Por Júnior Rafael
Num país como Moçambique, em que as instituições deveriam ser defensoras do povo, é doloroso constatar que, em muitos momentos, elas se transformam no próprio instrumento de repressão. Enquanto os discursos oficiais culpam as “intempéries” – como secas, cheias ou crises económicas globais – pelas dificuldades enfrentadas pela população, ignora-se deliberadamente o verdadeiro agente violador dos direitos humanos: o próprio Estado.
É preciso dizer com todas as letras: se as intempéries violam os direitos humanos, então aquele que dispara gás lacrimogéneo em manifestações pacíficas, aquele que atira contra civis desarmados, aquele que persegue vozes críticas e silencia jornalistas está a violar muito mais do que o clima ou o ambiente jamais conseguiria. Está a ferir a dignidade humana, está a subverter a Constituição e está a deslegitimar completamente o contrato social entre o povo e quem governa.
A Constituição da República de Moçambique, no seu artigo 40, garante o direito à vida e à integridade física e moral. O artigo 52 assegura o direito de reunião e de manifestação pacífica. No entanto, quantas vezes vimos esses direitos serem esmagados sob as botas de um regime que teme mais a liberdade de expressão do que a própria pobreza que ele perpetua?
O uso indiscriminado da força – com gás lacrimogéneo, balas reais e prisões arbitrárias – não é uma exceção. Tornou-se método. Tornou-se política de Estado. Tornou-se a linguagem do medo. E quando o Estado governa pelo medo, deixa de ser democrático e passa a ser autoritário, mesmo que se esconda atrás de eleições e protocolos internacionais.

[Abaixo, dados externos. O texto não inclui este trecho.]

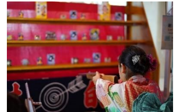
縁日屋台を楽しむ
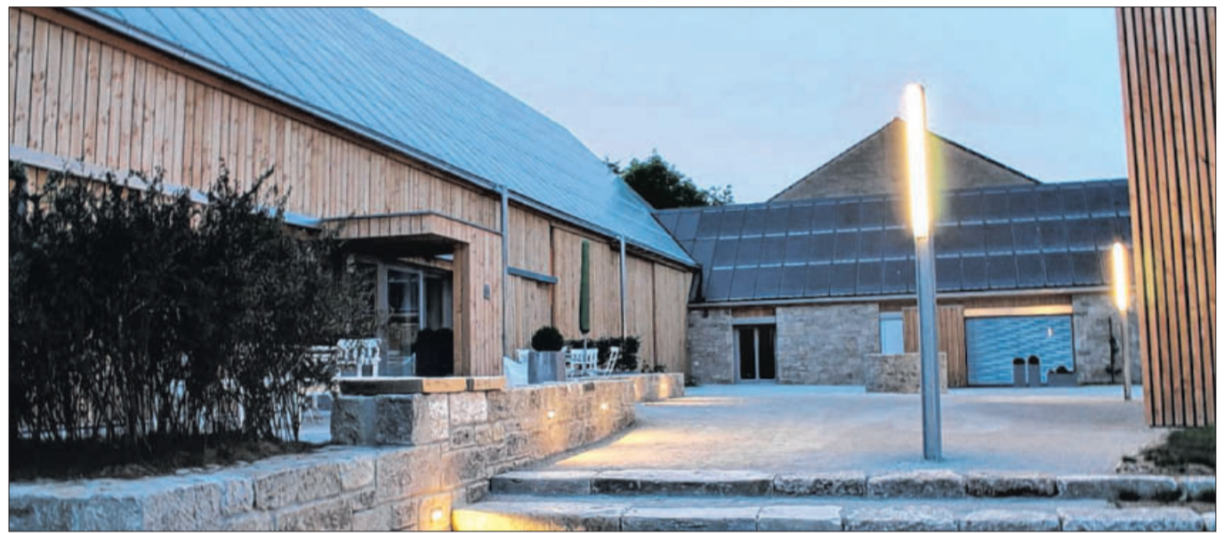
Modernste Baukultur in historischen Gebäuden – so kann eine vorbildliche, leistungstarke Symbiose aussehen.
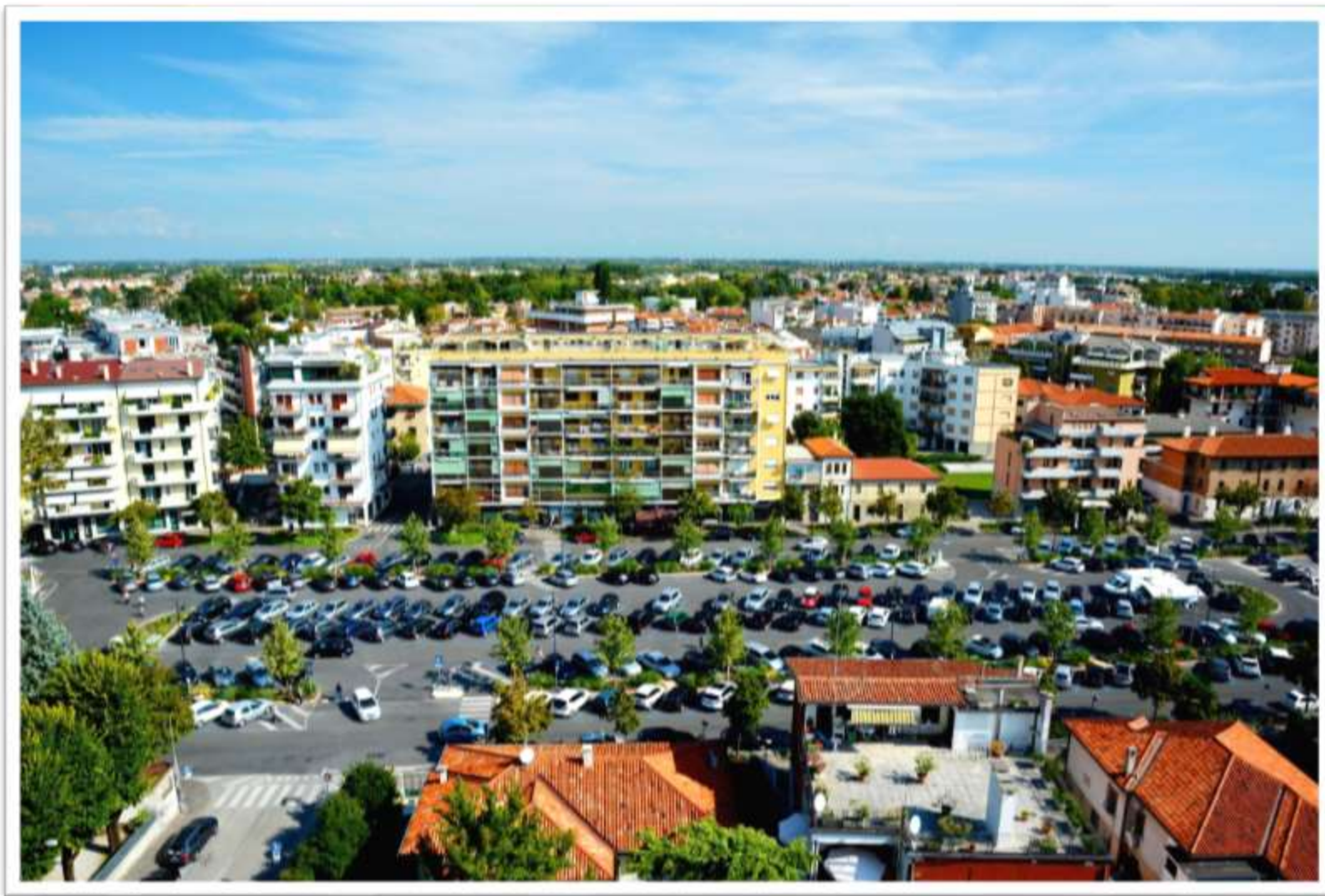
panoramica della nuova piazza A.Rizzo
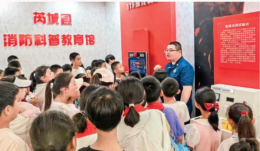
▲“六一”儿童节前,芮城县民政局邀请40余名留守儿童到芮城县消防科普教育馆开展夏研研学活动。
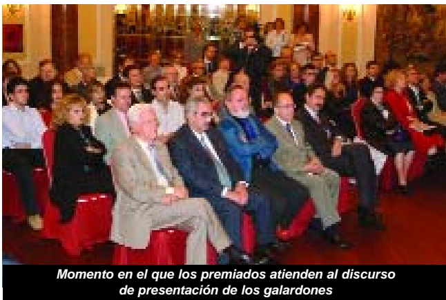
Momento en el que los premiados atienden al discurso de presentación de los galardones

El filósofo Fernando Savater recibió el pasado 30 de septiembre el Premio a la Opinión Sanitaria Reflexiones 2002, que conceden Revista Médica y la Fundación AstraZéneca. "Hay que preparar a los ciudadanos para poder utilizar mejor la democracia y disfrutar de las instituciones", subrayó el escritor en el
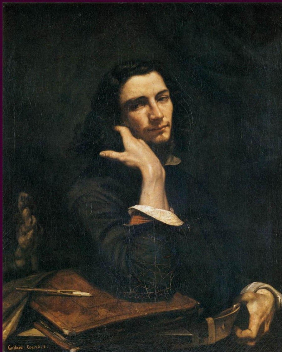
Мужчина с кожаным поясом. 1845-1846. Музей д'Орсэ, Париж
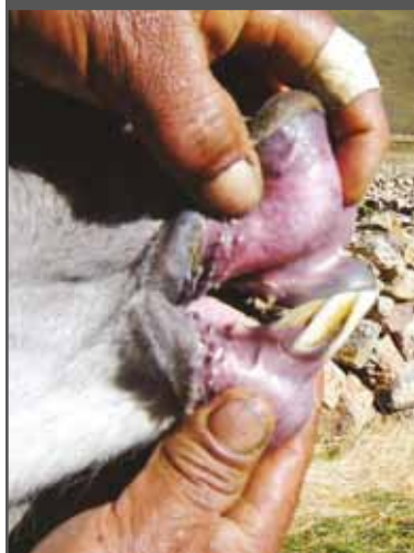
Figura 33. Cuatro dientes
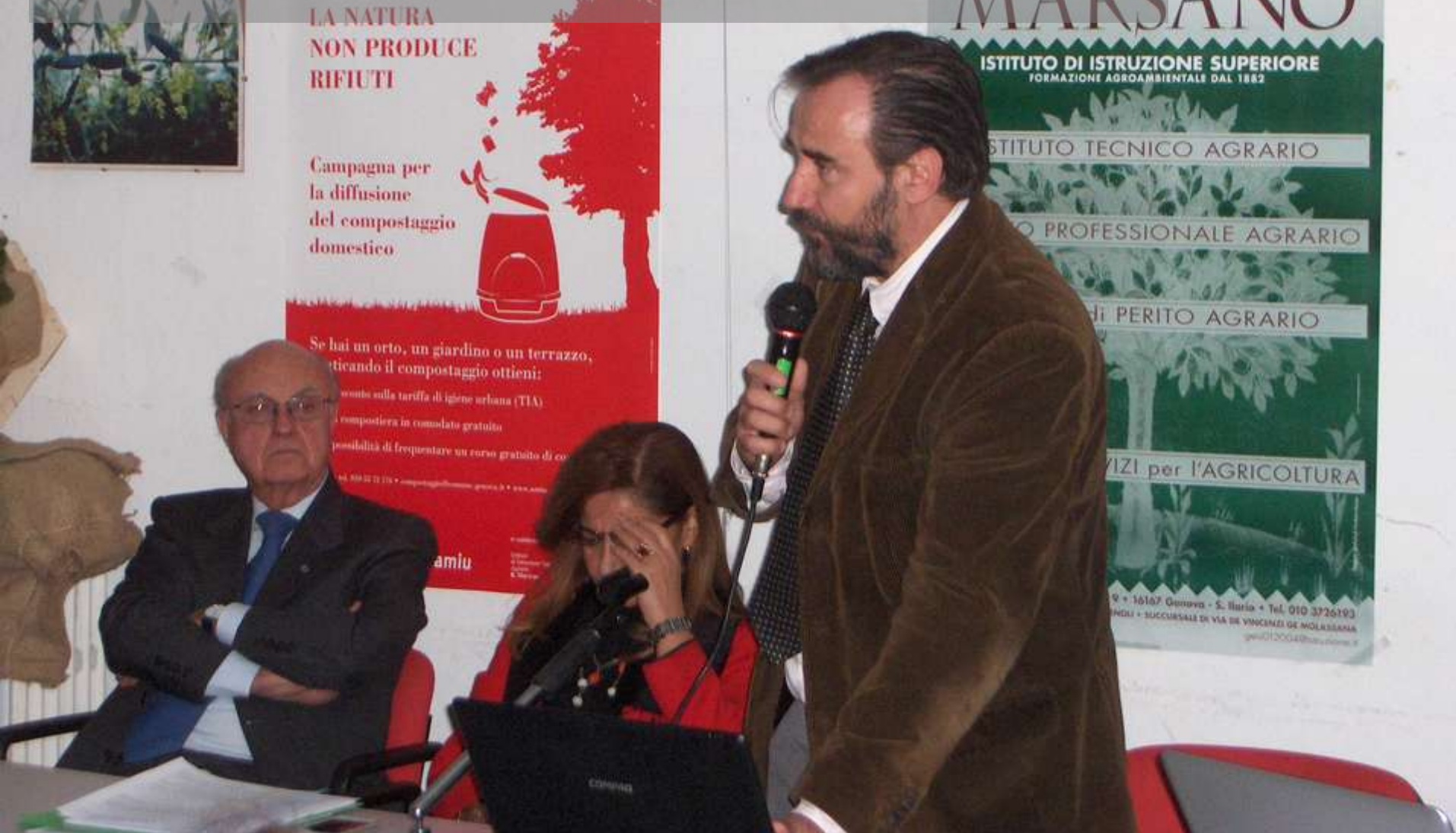
Convegno sul Codice Urbani, con l'ex Ministro Giuliano URBANI a Sant'Ilario (GE) 24 gennaio 2013

A desculpa das “intempéries” é conveniente porque é impessoal. Culpa a natureza, o acaso, o destino. Mas quando uma criança morre porque a escola foi destruída não por um ciclone, mas por negligência estatal; quando um jovem é morto por protestar contra o custo de vida; quando um jornalista desaparece por investigar a corrupção – isso não é obra do clima. É obra de mãos humanas. É violência com assinatura institucional.
A comunidade internacional, muitas vezes cúmplice por omissão, finge surpresa. Mas os relatórios estão aí: da *Amnistia Internacional*, da *Human Rights Watch*, da *Freedom House*. Todos apontam para os mesmos abusos, para as mesmas práticas sistemáticas de repressão. E ainda assim, poucos se atrevem a levantar a voz. E quando o povo levanta, recebe por resposta gás e bala.
Portanto, é preciso reverter a narrativa. O maior desastre em Moçambique não são as intempéries climáticas. É o desastre moral de um Estado que violenta seus próprios cidadãos enquanto esconde suas mãos atrás da retórica do progresso e da estabilidade.
Enquanto houver impunidade para os que atiram, e silêncio para os que mandam atirar, a verdadeira tempestade não virá das nuvens, mas das estruturas de poder que esquecem que o povo não é inimigo – é o dono legítimo da nação.